|Matthew Henry's Concise Commentary|
2:19-30 It is best with us, when our duty becomes natural to us. Naturally, that is, sincerely, and not in pretence only; with a willing heart and upright views. We are apt to prefer our own credit, ease, and safety, before truth, holiness, and duty; but Timothy did not so. Paul desired liberty, not that he might take pleasure, but that he might do good. Epaphroditus was willing to go to the Philippians, that he might be comforted with those who had sorrowed for him when he was sick. It seems, his illness was caused by the work of God. The apostle urges them to love him the more on that account. It is doubly pleasant to have our mercies restored by God, after great danger of their removal; and this should make them more valued. What is given in answer to prayer, should be received with great thankfulness and joy.
Verse 26. - For he longed after you all.

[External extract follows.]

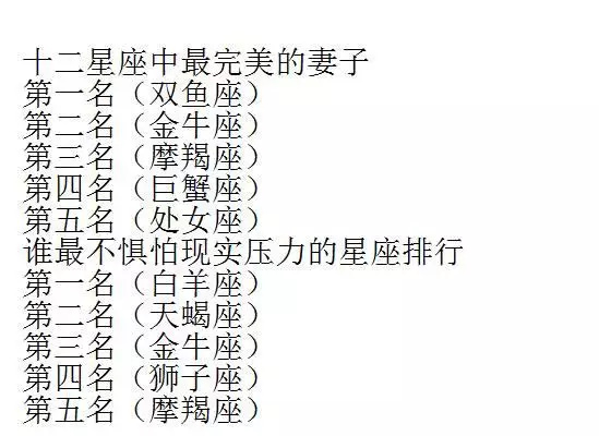 十二星座中最完美的妻子,之一名(双鱼座)、第二名(金牛座)、第三名(摩羯座)、第四名(巨蟹座)、第五名(处女座)。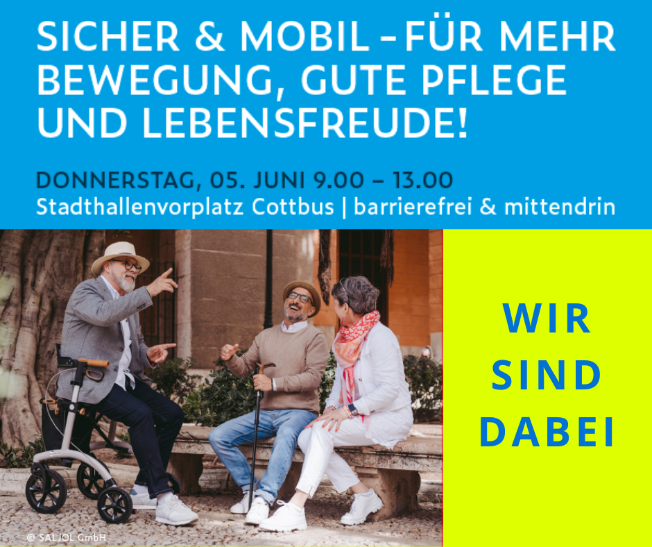 Das Sanitätshaus Zimmermann, der Pflegestützpunkt Cottbus und viele weitere Akteure laden Seniorinnen und Senioren zum Aktionstag „Sicher & Mobil – Für mehr Bewegung, Gute Pflege und Lebensfreude“ ein. Er findet am Donnerstag, 05.06.2025, von 9:00 bis 13:00 Uhr auf dem Stadthallenvorplatz statt. Interessierte erwarten an diesem Vormittag viele hilfreiche Informationen und kleine Erlebnisse rund um die Gesundheit, Mobilität und Lebensfreude.

The verb is strengthened by the preposition: "was eagerly longing." Perhaps it should be rendered. he "is longing;" like "I count it necessary," in Ver. 25. And was full of heaviness, because that ye had heard that he had been sick. "Full of heaviness" (ἀδημονῶν) is the word used of our blessed Lord in his agony (Matthew 26:37). Some derive it from ἄδημος, he away from home; others, more probably, from ἄδην, in the sense of loathing, weariness, satiety. The word implies heart-sickness, restless; unsatisfied weariness, produced by some overwhelming distress.
Gill's Exposition of the Entire Bible
For he longed after you,.... This verse and Philippians 2:28 contain the reasons of the apostle's sending him; and the first is, because he had a very vehement and longing desire after all of them; to see them, as the Syriac and Ethiopic versions add, and as it is read in the Alexandrian and Claromontane copies, and in others: it was not the city of Philippi he longed to see, which might be his native place, nor his natural relations and family, but the church there; and not the officers of it only, the bishops and deacons, but all the members of it, rich and poor, high and low, strong and weak believers:
and was full of heaviness: almost pressed down, quite disheartened and dispirited, ready to sink and die away, not so much with his own disorder and illness, as with sorrow on account of the church at Philippi:
because that ye had heard that he had been sick: he understood that the news of his sickness had reached them, and he knew how distressing it would be to them, that it would cut them to the heart, and press them heavily, fearing they should never see his face, nor hear his voice more. We have here an instance of that mutual love, tender affection and sympathy; which were in the first churches, and what subsisted between ministers and people; see how they loved one another! but, alas! this first love is left.
Jamieson-Fausset-Brown Bible Commentary
26. For—reason for thinking it "necessary to send" "Epaphroditus. Translate as Greek, "Inasmuch as he was longing after you all."
full of heaviness—The Greek expresses the being worn out and overpowered with heavy grief.
because that ye had heard that he had been sick—rather, "that he was sick." He felt how exceedingly saddened you would be in hearing it; and he now is hastening to relieve your minds of the anxiety.